Dedikoduleaks !

Wikileaks belgeleri ortaya koydu ki, devlet denilen mekanizmanın içinde hiçbir şey kaybolmuyor, ileride bir gün ortaya çıkacağı zamanı bekliyor.
Nasıl bir dönemden geçtiğimizi, yaşadığımız, gördüğümüz olayların ardından nelerin olduğunu öğreneceğiz. Benzer bir durum, belediyeleri, siyasilerin mevcut yapısını, STK’ları da ilgilendiriyor. Hiçbirşey gizli kalmıyor neticede..Dedikoduleaks !
Herhangi bir kurumla alakalı bir şaibe, bir eksiklik, bir sümen altı veya yolsuzluk durumu varsa, bir yerden mutlaka patlak vereceğine inanıyorum.
Wikileaks bunun örneği.. Amerika gibi istihbarat gücüne sahip bir ülke bile bir yerden çatlak verdi.
Şimdi, İskenderun Belediyesi için de benzer kaygılar var.
Dedikodulara bakarsanız, herkes yolunu buluyor.
Oysa İskenderun’a bir 5 yıldızlı otel kazandıracağız ama verilen bağışlar da ‘şaibe’ arıyoruz. Acaba, işin içinde ‘rüşvet’ var mı? Hep bir panik hali!
Karahüseyinli’de bir 5 yıldızlı otel yapımı düşünülüyordu, yine ‘acaba’ kelimesi devredeydi!

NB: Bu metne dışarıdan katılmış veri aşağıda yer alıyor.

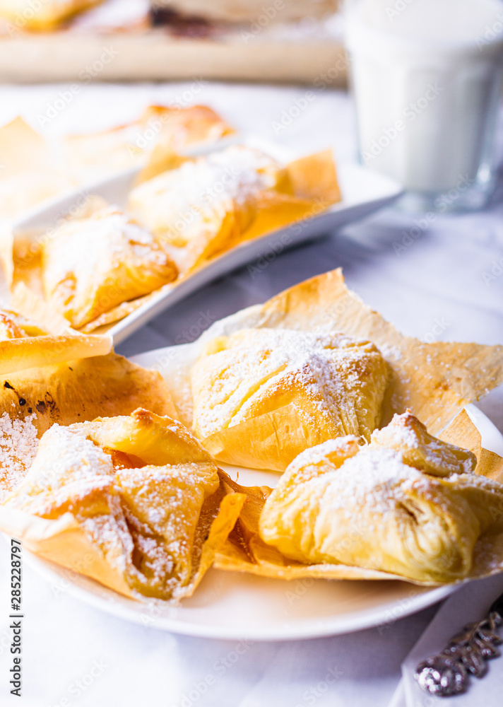 Ciasteczka domowej roboty. Ciasto francuskie ze sliwka. Bezglutenowe wypieki. Slodki deser. Ciastka z cukrem pudrem.
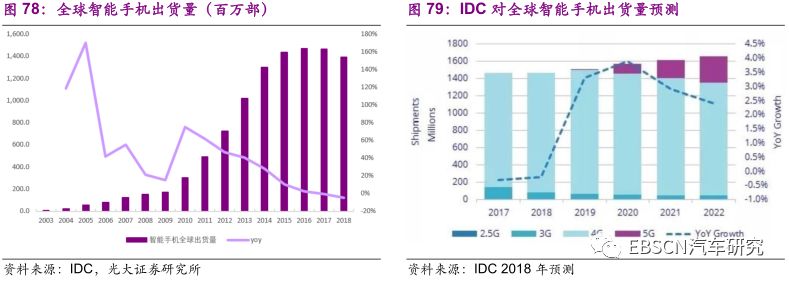 2018年IDC预计全球智能手机市场2019年到2022年可维持2.5%的年复合增长率,最终达到16.54亿部。2020年5G手机规模可迅速达到2.12亿部,占据全球7%的份额,此后到2022年可增至18%。
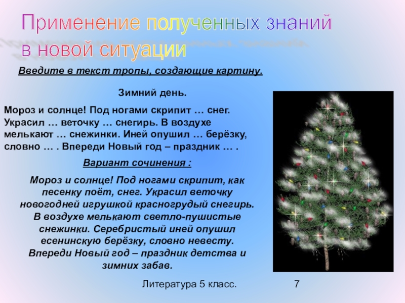 Мороз и солнце! Под ногами скрипит … снег. Украсил … веточку … снегирь. В воздухе мелькают … снежинки. Иней опушил … берёзку, словно … . Впереди Новый год – праздник … .
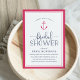 Les invitations modernes à la douche nuptiale sont dotées d'un lettrage bleu marine classique avec une illustration d'ancre nautique et une bordure contrastée en rose fuchsia vif et éclatante. La palette de couleurs rose et marine est parfaite pour les douches nuptiales d'été ou nautiques.
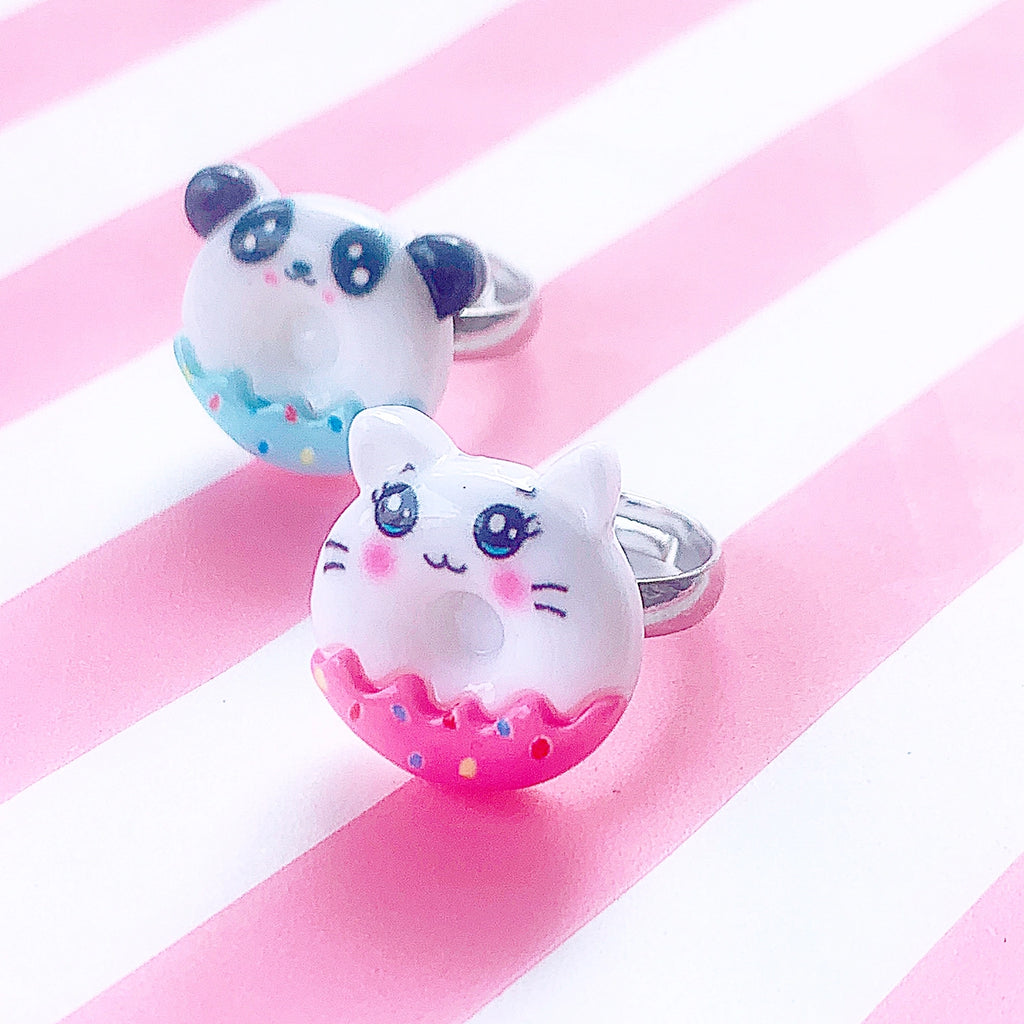 Cute little smiling animal donuts on an nickel-free adjustable ring.

AVM yatırım yaptı, acaba..?
Belediyede onlarca ihale yapılıyor, acaba..?
İşadamı, ‘Allah için, memleket için’ bir katkım olsun diyor, acaba..?
Biz gazeteciler, ‘falanca adamın katkılarını güzel buluyoruz’ yine acaba..?

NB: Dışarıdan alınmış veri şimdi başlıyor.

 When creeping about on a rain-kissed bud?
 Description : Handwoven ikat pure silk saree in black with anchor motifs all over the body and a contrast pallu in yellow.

Belediye meclis üyeleri ya da idarenin üst ve alt kadroları, ‘katkı’ peşinde, fikir beyan ediyor, hemen bir ‘acaba’ etiketi yapıştırıyoruz ki, sormayın gitsin..
Hep bir ‘şaibe’, hep bir karanlık düşünce, hep bir ‘karalama’ peşindeyiz..
Neden?
Çünkü, güven duygusunu yitirmiş bir sistemle paralel yürüyoruz..

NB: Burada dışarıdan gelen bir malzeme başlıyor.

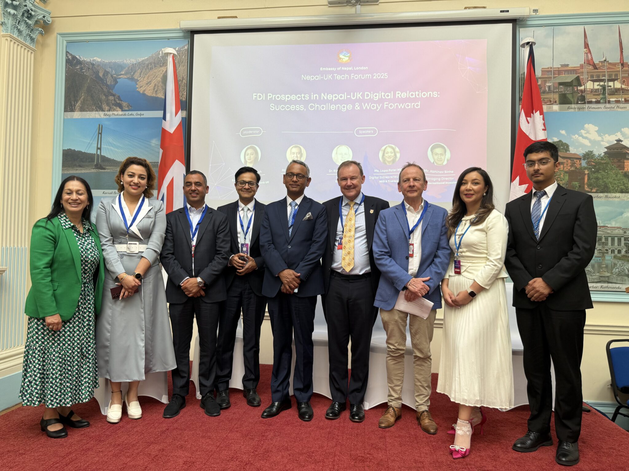 लन्डन।नेपाली दूतावास लण्डनले शुक्रबार दूतावासमै ‘नेपाल–युके टेक फोरम’ सम्पन्न गरेको छ।नेपाल डिजिटल नवप्रवर्तनको उदाउँदो केन्द्रको रूपमा कसरी अघि बढिरहेको छ भन्ने विषयमा प्रकाश पार्न र नेपाल तथा बेलायतबीच प्रविधिको क्षेत्रमा रणनीतिक साझेदारीका अवसरहरू पहिचान गर्न उक्त फोरम गरिएको हो ।
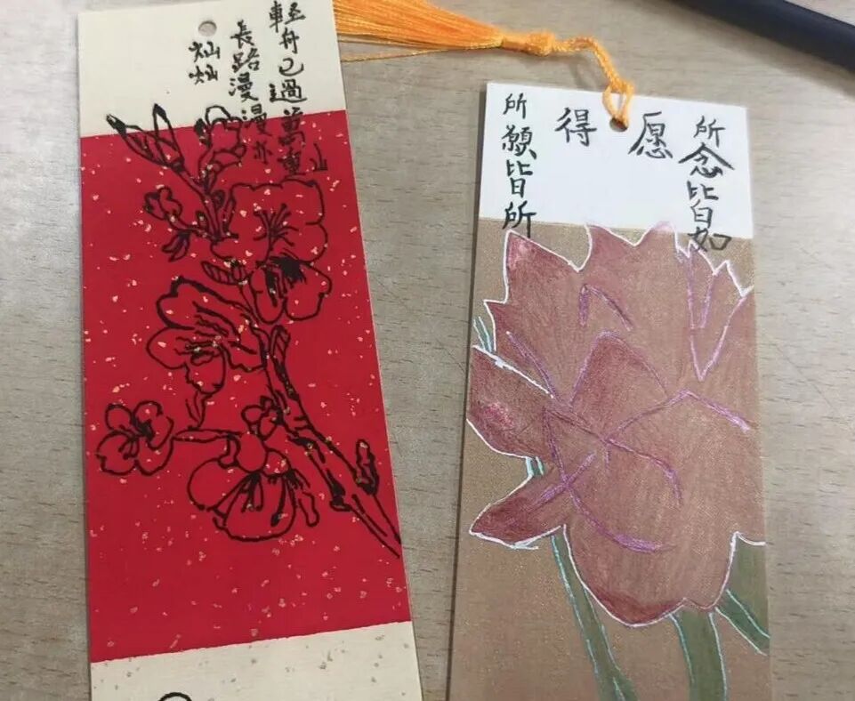 活动现场,同学们热情高涨,或凝神构思,或挥笔创作,以“感恩”主题,将对父母的牵挂、对师长的敬意、对朋友的珍视、对生活的热爱融入笔尖。一张张小小的书签,或古朴典雅,或活泼灵动,每一笔色彩、每一句文字都饱含着最真挚的情感,成为独一无二的“感恩使者”。
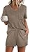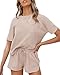 Utility Set: these womens 2 piece Pjs sets featuring round neck short sleeve tops and drawstring waist short pants with pockets, you can adjustable waistline depend your need, it is securely and comfortably.
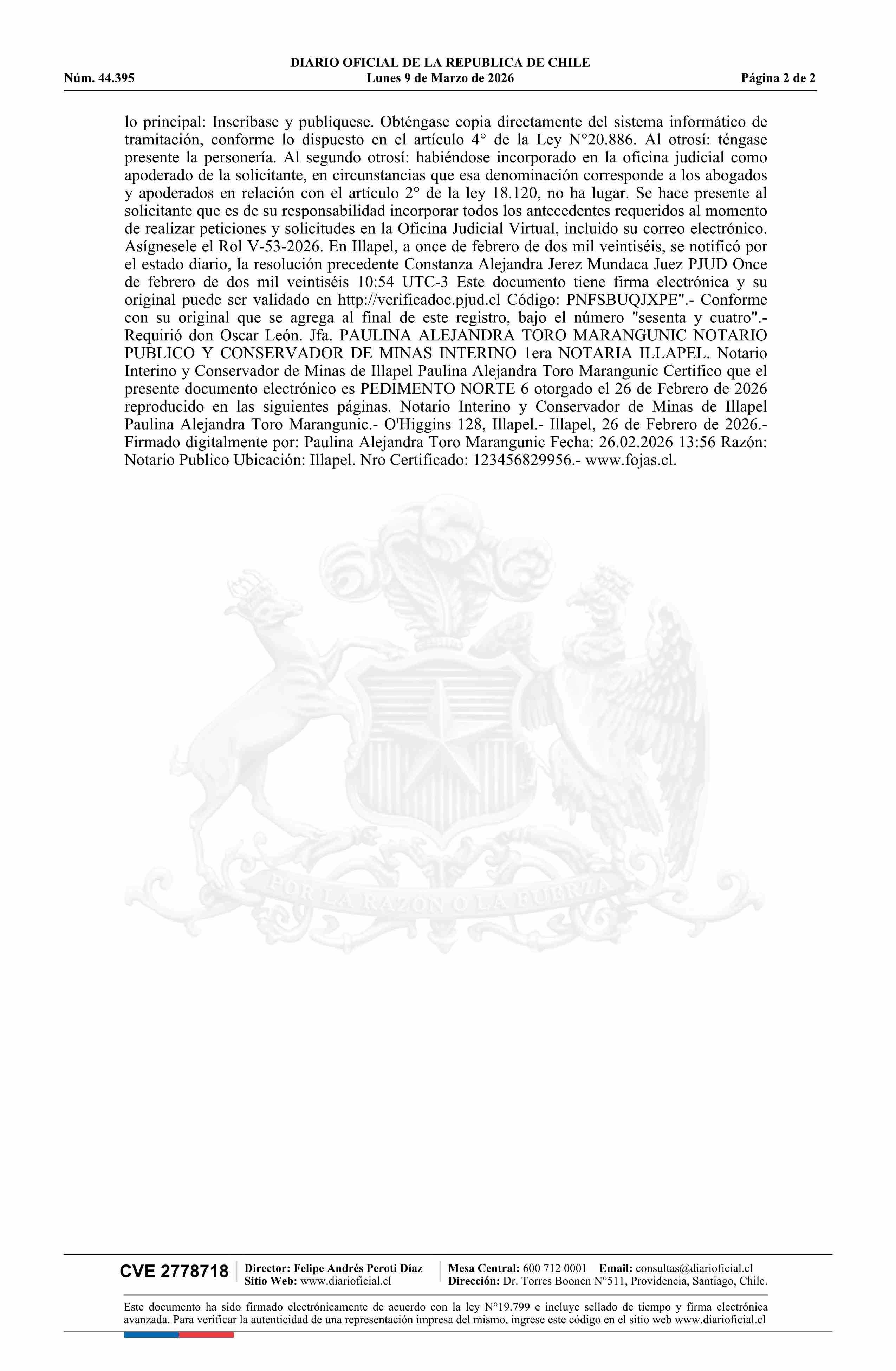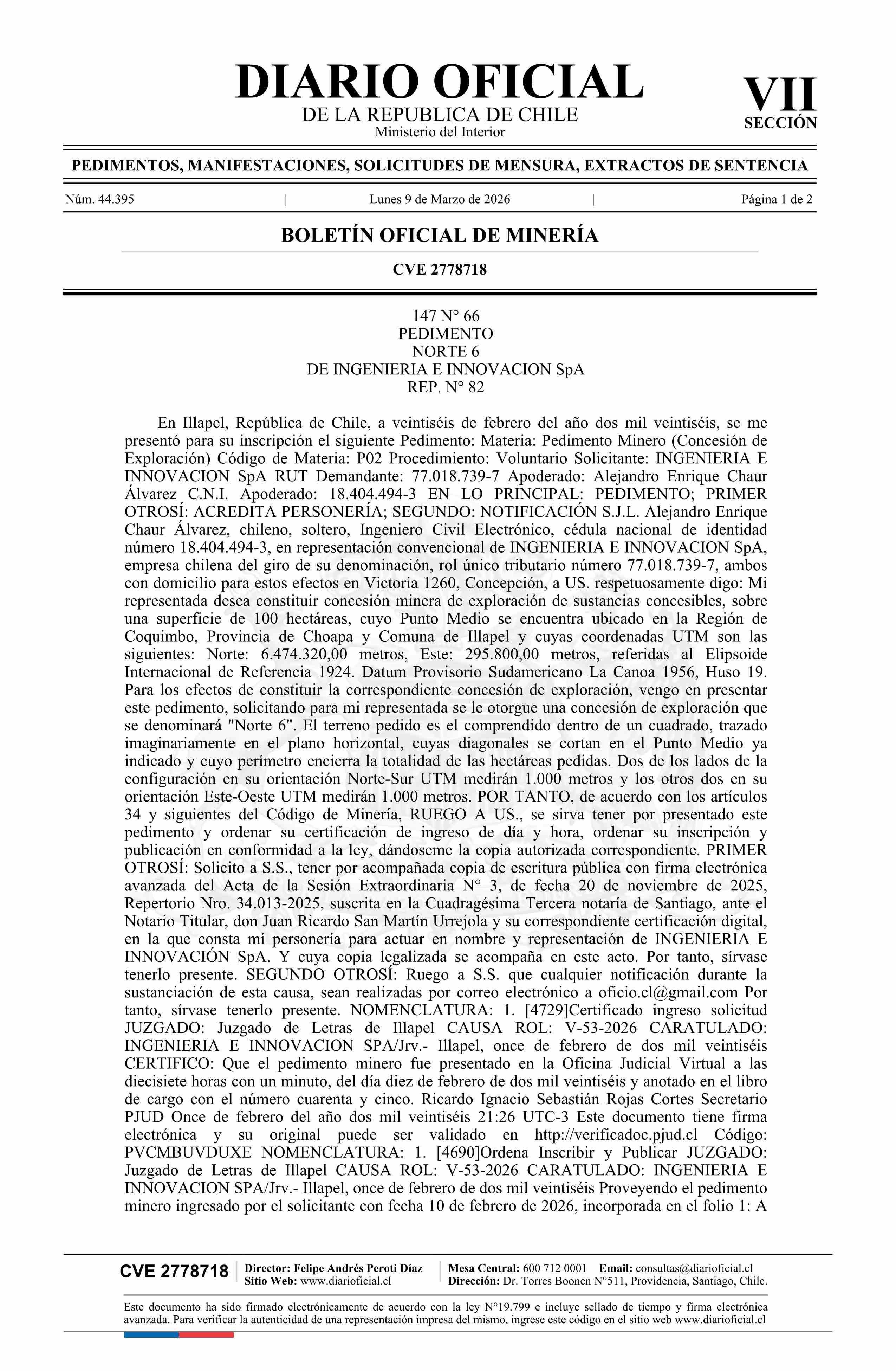 NORTE 6 / Ingeniería e Innovación SpA 09-03-2026 DIARIO OFICIAL CHILE - BOLETÍN OFICIAL DE MINERÍA |

Bu yazdıklarım teyit edilmiş bilgilere dayanmıyor.
Vicdanımın süzgecinden geçmiş bir kanaattir bu.
O yüzden, gazetecilerin ve kendisini hizmete adamış insanlar, ortaya atılan her bir söyleme ‘temkinle’ yaklaşmalarında yarar var diye düşünüyorum.
Unutmayalım ki..
İhtiyacımız olan tek şey vicdan ve mantık!
Hepsi bu!

KAYSERİ BAŞARDI
Kayseri’de kent merkezindeki bir taş ocağı erozyona neden olduğu, kullanım sahası dışına çıktığı ve doğayı tahrip ettiği gerekçesiyle kapatıldı.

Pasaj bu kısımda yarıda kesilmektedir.